### Records supplied:
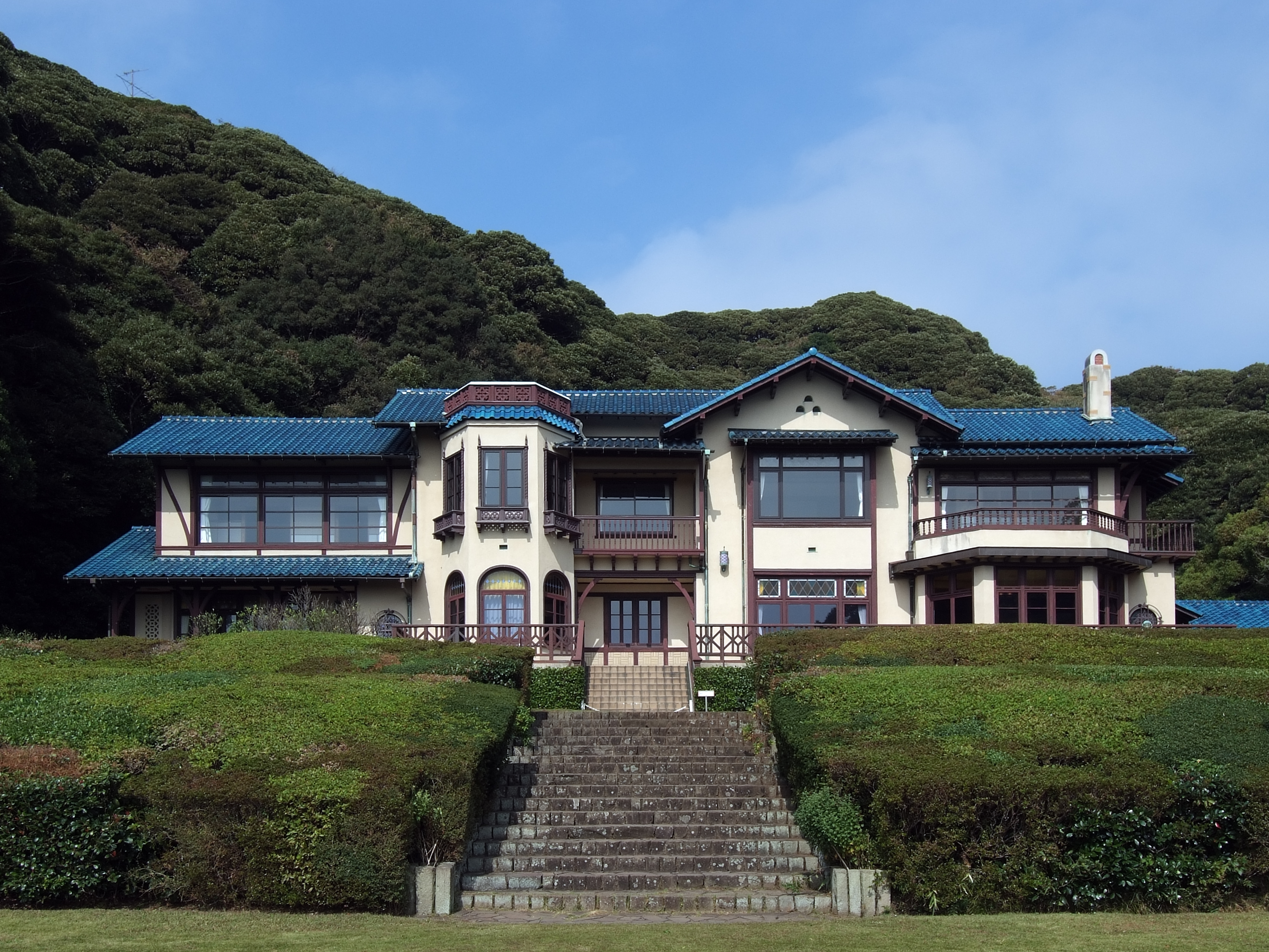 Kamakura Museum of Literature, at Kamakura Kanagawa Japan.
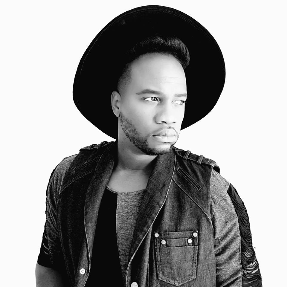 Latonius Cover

...

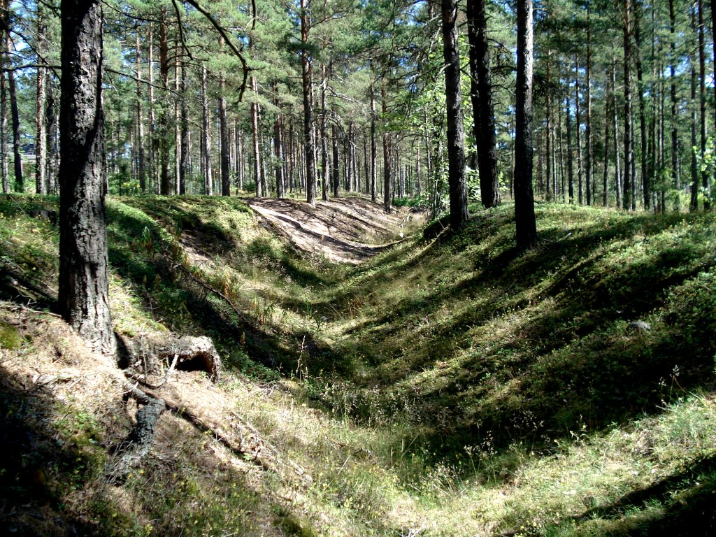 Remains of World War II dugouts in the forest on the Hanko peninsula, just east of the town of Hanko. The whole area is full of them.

### Prompt:
Set down again, exactly, every line above from the one with "Kamakura Museum of" down to the one with "Latonius Cover", both ends included. No pictures, and nothing else.

### Expected answer:
 Kamakura Museum of Literature, at Kamakura Kanagawa Japan.
 Latonius Cover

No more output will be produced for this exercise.